Desert bighorn sheep are crossing Interstate 40 in California
Desert bighorn sheep are able to climb steep, rocky terrain with speed and agility. New research shows that they can cross a four-lane highway.
At some point in the last decade, at least one of these rare beasts—notable for their large curled brown horns—crossed Interstate 40 in at least one location in the Mojave Desert of California, according to a new Oregon State University study published in the journal Molecular Ecology.
"This is an interesting development that helps increase our understanding of animal movement across human-created barriers," said Clint Epps, a wildlife biologist in OSU's College of Agricultural Sciences and lead author of the study. "Determining how species move across complex and fragmented landscapes and interact with human?made barriers is a major research focus in conservation."
The Epps-led research team analyzed the DNA contained in bighorn sheep scat collected on both sides of the interstate in two different time periods—the early 2000s and 2013-2015. They also extracted DNA from blood of 159 bighorn sheep captured as part of an ongoing demographic study.

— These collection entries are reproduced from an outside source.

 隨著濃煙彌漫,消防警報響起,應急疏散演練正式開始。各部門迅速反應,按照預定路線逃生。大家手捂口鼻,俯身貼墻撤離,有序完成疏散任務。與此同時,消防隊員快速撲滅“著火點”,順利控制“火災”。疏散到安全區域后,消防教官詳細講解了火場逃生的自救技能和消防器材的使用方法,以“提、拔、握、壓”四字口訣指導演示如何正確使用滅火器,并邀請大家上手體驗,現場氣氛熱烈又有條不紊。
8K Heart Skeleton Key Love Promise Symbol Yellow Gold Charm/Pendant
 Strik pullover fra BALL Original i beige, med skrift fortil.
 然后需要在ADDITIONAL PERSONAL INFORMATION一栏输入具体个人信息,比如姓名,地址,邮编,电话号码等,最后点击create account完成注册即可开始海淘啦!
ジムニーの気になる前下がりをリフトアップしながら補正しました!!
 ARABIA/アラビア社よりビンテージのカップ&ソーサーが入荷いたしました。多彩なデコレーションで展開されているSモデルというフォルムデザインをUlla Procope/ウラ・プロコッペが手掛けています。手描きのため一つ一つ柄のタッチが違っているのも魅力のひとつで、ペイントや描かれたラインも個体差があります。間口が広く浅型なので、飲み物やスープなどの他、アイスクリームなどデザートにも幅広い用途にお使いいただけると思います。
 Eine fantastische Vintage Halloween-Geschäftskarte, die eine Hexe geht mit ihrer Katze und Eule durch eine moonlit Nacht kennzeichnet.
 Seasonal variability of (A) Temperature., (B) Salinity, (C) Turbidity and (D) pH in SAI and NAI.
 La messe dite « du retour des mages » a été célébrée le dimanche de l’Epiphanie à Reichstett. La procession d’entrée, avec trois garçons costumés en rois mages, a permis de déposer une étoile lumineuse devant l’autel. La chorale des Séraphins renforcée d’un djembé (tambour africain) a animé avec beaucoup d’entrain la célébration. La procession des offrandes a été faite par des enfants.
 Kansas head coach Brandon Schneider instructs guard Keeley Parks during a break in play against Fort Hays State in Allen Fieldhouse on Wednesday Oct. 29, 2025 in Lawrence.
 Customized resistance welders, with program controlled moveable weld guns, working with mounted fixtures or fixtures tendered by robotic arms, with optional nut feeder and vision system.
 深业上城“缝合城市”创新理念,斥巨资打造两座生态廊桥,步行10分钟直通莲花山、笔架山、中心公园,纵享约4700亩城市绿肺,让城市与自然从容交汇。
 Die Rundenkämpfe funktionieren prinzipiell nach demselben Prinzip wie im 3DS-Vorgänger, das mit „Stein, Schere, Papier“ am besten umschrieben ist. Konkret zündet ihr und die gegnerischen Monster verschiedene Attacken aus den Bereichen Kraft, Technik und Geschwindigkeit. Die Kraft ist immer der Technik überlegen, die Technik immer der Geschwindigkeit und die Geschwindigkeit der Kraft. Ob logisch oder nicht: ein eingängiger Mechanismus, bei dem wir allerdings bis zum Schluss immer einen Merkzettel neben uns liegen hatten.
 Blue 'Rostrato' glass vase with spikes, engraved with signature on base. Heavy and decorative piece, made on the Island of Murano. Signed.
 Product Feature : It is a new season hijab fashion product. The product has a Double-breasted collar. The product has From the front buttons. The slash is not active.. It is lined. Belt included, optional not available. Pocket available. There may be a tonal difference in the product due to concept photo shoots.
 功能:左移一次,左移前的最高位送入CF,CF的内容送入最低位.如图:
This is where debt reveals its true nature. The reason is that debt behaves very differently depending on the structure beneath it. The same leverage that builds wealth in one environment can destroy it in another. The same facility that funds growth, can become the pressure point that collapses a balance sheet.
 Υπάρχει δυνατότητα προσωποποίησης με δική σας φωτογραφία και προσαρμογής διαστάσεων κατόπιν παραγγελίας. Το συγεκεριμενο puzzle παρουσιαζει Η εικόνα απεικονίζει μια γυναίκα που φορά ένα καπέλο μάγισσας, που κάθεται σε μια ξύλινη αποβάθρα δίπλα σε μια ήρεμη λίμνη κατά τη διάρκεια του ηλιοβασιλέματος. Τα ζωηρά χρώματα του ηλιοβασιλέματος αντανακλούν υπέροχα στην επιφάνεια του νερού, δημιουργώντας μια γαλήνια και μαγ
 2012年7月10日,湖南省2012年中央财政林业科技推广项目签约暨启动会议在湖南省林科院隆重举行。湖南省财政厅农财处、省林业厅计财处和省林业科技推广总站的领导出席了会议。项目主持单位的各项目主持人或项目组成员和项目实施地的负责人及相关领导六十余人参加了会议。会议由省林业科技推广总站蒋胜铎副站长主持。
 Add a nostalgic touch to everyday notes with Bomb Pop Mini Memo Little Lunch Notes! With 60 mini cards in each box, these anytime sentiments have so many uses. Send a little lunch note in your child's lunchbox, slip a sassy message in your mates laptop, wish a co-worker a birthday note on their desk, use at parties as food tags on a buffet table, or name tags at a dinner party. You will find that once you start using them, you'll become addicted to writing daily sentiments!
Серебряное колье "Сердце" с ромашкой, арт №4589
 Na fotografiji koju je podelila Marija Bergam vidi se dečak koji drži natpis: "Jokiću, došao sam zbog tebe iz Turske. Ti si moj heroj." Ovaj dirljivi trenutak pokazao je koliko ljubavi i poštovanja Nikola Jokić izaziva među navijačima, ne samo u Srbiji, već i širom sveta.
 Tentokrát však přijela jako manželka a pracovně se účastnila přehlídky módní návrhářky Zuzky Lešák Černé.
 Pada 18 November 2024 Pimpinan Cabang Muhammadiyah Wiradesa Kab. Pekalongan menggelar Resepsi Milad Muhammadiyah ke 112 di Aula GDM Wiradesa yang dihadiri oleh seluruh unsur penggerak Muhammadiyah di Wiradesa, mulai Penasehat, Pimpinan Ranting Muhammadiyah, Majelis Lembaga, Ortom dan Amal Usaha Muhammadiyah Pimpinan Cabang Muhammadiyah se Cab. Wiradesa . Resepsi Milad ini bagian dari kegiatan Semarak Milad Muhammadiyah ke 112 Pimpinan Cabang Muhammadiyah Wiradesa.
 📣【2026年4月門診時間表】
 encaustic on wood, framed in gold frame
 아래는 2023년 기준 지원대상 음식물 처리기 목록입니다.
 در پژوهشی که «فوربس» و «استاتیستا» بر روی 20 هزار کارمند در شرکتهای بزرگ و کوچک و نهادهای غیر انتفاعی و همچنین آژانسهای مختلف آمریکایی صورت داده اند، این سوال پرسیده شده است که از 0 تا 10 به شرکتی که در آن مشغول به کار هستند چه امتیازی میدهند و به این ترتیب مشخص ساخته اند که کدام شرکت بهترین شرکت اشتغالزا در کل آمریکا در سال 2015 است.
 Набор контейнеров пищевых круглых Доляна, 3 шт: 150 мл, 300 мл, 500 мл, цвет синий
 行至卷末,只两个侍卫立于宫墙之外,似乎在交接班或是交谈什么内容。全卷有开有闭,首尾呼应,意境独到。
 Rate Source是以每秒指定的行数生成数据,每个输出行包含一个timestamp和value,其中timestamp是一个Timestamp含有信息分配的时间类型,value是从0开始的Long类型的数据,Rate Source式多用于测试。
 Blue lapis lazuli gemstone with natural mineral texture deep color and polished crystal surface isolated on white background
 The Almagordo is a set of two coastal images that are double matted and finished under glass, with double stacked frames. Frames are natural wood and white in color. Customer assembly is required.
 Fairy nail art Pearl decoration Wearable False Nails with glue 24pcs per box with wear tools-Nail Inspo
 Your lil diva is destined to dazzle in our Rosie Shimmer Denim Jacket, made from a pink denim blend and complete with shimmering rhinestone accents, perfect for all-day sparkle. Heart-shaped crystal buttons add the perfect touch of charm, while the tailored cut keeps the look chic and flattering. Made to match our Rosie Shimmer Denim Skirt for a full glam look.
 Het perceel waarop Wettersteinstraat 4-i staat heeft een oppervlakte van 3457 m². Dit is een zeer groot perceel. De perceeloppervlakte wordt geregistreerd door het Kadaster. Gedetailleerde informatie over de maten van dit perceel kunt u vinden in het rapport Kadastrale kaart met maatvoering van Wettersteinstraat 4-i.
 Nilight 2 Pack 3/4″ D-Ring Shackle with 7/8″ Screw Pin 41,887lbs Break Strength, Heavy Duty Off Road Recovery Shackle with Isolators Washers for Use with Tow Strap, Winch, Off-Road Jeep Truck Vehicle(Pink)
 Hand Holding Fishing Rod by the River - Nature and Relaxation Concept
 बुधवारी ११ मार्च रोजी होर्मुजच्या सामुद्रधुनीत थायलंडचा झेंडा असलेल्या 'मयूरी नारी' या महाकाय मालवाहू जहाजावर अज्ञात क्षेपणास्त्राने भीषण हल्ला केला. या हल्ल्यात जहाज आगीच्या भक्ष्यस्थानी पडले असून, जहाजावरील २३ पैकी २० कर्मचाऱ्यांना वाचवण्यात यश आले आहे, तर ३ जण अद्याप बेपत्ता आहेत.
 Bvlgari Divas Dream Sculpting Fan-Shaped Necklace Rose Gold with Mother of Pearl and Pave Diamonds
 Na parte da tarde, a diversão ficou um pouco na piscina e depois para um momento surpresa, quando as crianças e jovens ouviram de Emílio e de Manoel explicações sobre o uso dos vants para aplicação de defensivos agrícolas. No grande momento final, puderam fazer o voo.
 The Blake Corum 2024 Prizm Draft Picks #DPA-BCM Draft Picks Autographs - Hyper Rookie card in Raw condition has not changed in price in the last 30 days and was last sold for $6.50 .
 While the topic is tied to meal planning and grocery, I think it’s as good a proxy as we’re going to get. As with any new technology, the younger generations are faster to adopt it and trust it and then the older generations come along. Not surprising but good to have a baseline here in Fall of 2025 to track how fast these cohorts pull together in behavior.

There was no evidence of movement in the first time period but there was in the second—so the researchers inferred a change in the bighorn's willingness or ability to cross. Avenues for crossing could include pushing through fencing and crossing at surface level despite heavy traffic, or using washes bridged by the interstate but also fenced and typically occurring on flatter ground rarely used by bighorn sheep.
The researchers haven't been able to determine the number of individuals that have crossed, he said.
"These populations are in distinct mountain ranges and are very isolated," Epps said. "They form herds rarely exceeding 20 individuals. They don't like to get far away from their mountainous habitat, but occasionally they move between ranges. Fifteen years ago, there was no evidence of movement across the interstate, but they are intelligent. My guess is one individual figured out how to cross and others started following."
The willingness to cross the highway has pros and cons, Epps said. On the positive side, crossing the interstate will lead to bighorn from one herd mating with members of another herd. This will increase genetic diversity among the populations, said Epps, who began studying the desert bighorn sheep in the Mojave as a doctoral student in the early 2000s.
On the other hand, movements like this might contribute to the spread of a respiratory disease that has killed numerous bighorn sheep in Western states over the past few decades and is considered the largest risk to wild bighorn sheep populations.
Indeed, the first clue that at least one bighorn had crossed was in 2013, when the pathogen that causes fatal pneumonia in the animals was detected in carcasses on both sides of the interstate. The bighorn have little resistance to the diseases of non-native domestic sheep and cattle that were brought west by settlers.
"The information we had from the previous work was very good, but because this study addressed both time periods, this change in movement behavior shows how animals do different things over time," Epps said. "We thought the risk of disease transmission across this barrier was low, but they surprised us."
Desert bighorn sheep are native to the Mojave Desert. Rams typically live from 10 to 13 years and for ewes the average life span is 12 to 20 years.
"They are charismatic animals; a flagship species for conservation in the desert," Epps said. "There are small numbers of them living in large areas, in an environment that is inherently challenging. Human-made barriers that affect the landscape makes life for them even trickier."